Haaretz menambahkan bahwa Al-Arabiya juga menonjol karena “liputannya yang simpatik” tentang Perjanjian Abraham Israel, yang ditandatangani dengan UEA dan Bahrain pada tahun 2020. Jaringan tersebut bahkan menyiarkan rekaman dari Parlemen Israel, Knesset, pada saat penandatanganannya.
Koran Israel mengutip Orit Perlov, seorang peneliti di Institut Studi Keamanan Nasional (INSS) dan mantan penasihat di Departemen Luar Negeri AS, yang mengatakan bahwa “Israel, pada bagiannya, bekerja sama dan menyampaikan pesan ke saluran tersebut”.

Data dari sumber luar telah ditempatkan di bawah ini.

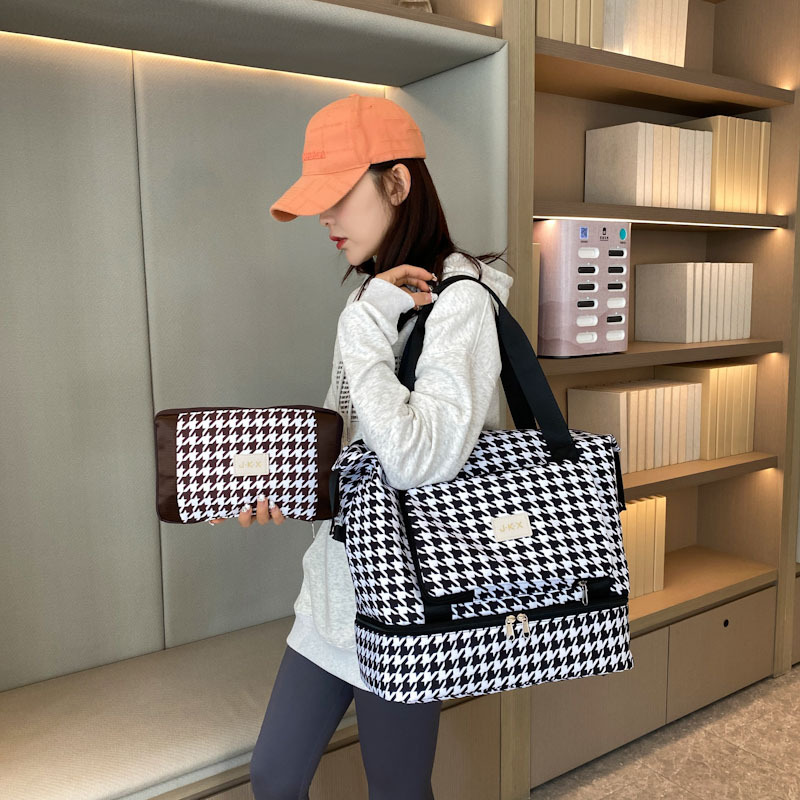旅行鞄大容量折り畳み可能千鳥格出産予定休暇収納荷物鞄出張シンプルショルダーバッグ卸売り

Pada bulan Juli, The New Arab milik Qatar melaporkan bahwa penduduk Palestina marah dengan liputan pembantaian Israel di kamp Al-Mawasi di Gaza karena biasnya terhadap Israel. Serangan Israel menewaskan sedikitnya 90 orang di daerah Al-Mawasi di Khan Younis, yang sebelumnya ditetapkan oleh tentara sebagai “zona aman” bagi warga sipil Palestina. The New Arab mencatat bahwa “sebagian besar dari mereka yang meninggal dunia diyakini adalah penduduk sipil, dengan perempuan dan anak-anak di antarqnyq. Pasukan Israel bahkan menyerang tim medis yang datang untuk membantu menyelamatkan korban serangan”.
Namun, berita utama yang dipublikasikan oleh Al-Arabiya tentang pembantaian tersebut di situs webnya tidak menyebutkan jumlah korban meninggal dunia Palestina, tetapi malah berfokus pada klaim Israel bahwa serangan tersebut menargetkan pemimpin sayap bersenjata Hamas, Mohammed Deif.
Saluran tersebut juga diduga hanya meliput klaim Israel tentang serangan genosida tersebut dan awalnya tidak menyiarkan atau menerbitkan bantahan Hamas, apalagi kesaksian penduduk Palestina yang terkena dampak serangan tersebut.
Al-Arabiya menunjukkan bias serupa terhadap ISIS setelah kelompok teror terkenal itu menyerbu Mosul, kota terbesar kedua di Irak, pada bulan Juni 2014.
Manajer Umum Abdul Rahman Al-Rashid memerintahkan saluran tersebut untuk menyebut teroris ISIS sebagai “revolusioner suku” saat melaporkan invasi Mosul. Saluran tersebut juga secara keliru mengklaim bahwa ratusan ribu penduduk Mosul melarikan diri dari kota tersebut sebagai tanggapan atas pemboman oleh tentara Irak, bukan sebagai tanggapan atas serangan dan perebutan kota Mosul oleh ISIS. Kelompok teror tersebut merebut Mosul dengan bantuan senjata, peralatan, dan dana yang disediakan oleh AS, Arab Saudi, dan Pemerintah Daerah Kurdistan Irak.
Sejak tanggal 7 Oktober 2023 hingga saat ini, dengan dukungan Amerika dan Eropa, tentara Israel terus melanjutkan genosida penduduk Palestina di Jalur Gaza dan juga melakukan serangan di berbagai kawasan di Tepi Barat. Pesawat tempur Israel mengebom kawasan di sekitar rumah sakit, gedung, apartemen, dan rumah penduduk sipil Palestina. Israel juga mencegah dan memblokade masuknya air, makanan, obat-obatan, dan bahan bakar ke Jalur Gaza.
Israel terus menerus melakukan kejahatan kemanusiaan dan pelanggaran terhadap hukum humaniter internasional. Penduduk Palestina di Jalur Gaza hidup dalam kondisi kemanusiaan dan Kesehatan yang memprihatinkan.
Kementerian Kesehatan Palestina di Gaza, pada Kamis (19/09), mengumumkan bahwa jumlah korban jiwa akibat pemboman Israel di Jalur Gaza sejak 7 Oktober 2023 lalu telah meningkat menjadi sekitar 41.272 orang dan 95.551 lainnya mengalami luka-luka, di mana mayoritas korban korban jiwa pemboman Israel adalah anak-anak dan perempuan. Lebih 10.000 orang dinyatakan hilang, di tengah kerusakan besar-besaran pada bidang kesehatan dan infrastruktur, serta krisis kelaparan yang merenggut nyawa puluhan anak-anak.
Berdasarkan laporan pihak berwenang Jalur Gaza dan organisasi internasional, sekitar 90 persen atau sekitar 1,9 juta penduduk Palestina di Jalur Gaza terpaksa harus mengungsi setelah kehilangan tempat tinggal dan penghidupan akibat pemboman Israel.
Sementara itu, kekejaman Israel juga meningkat di Tepi Barat termasuk Yerusalem timur, di mana 708 penduduk Palestina dibunuh Israel, termasuk 146 anak-anak, sejak 7 Oktober 2023. Lebih 5.600 penduduk Palestina terluka akibat kekerasan dan kejahatan tentara dan pemukim ilegal Israel.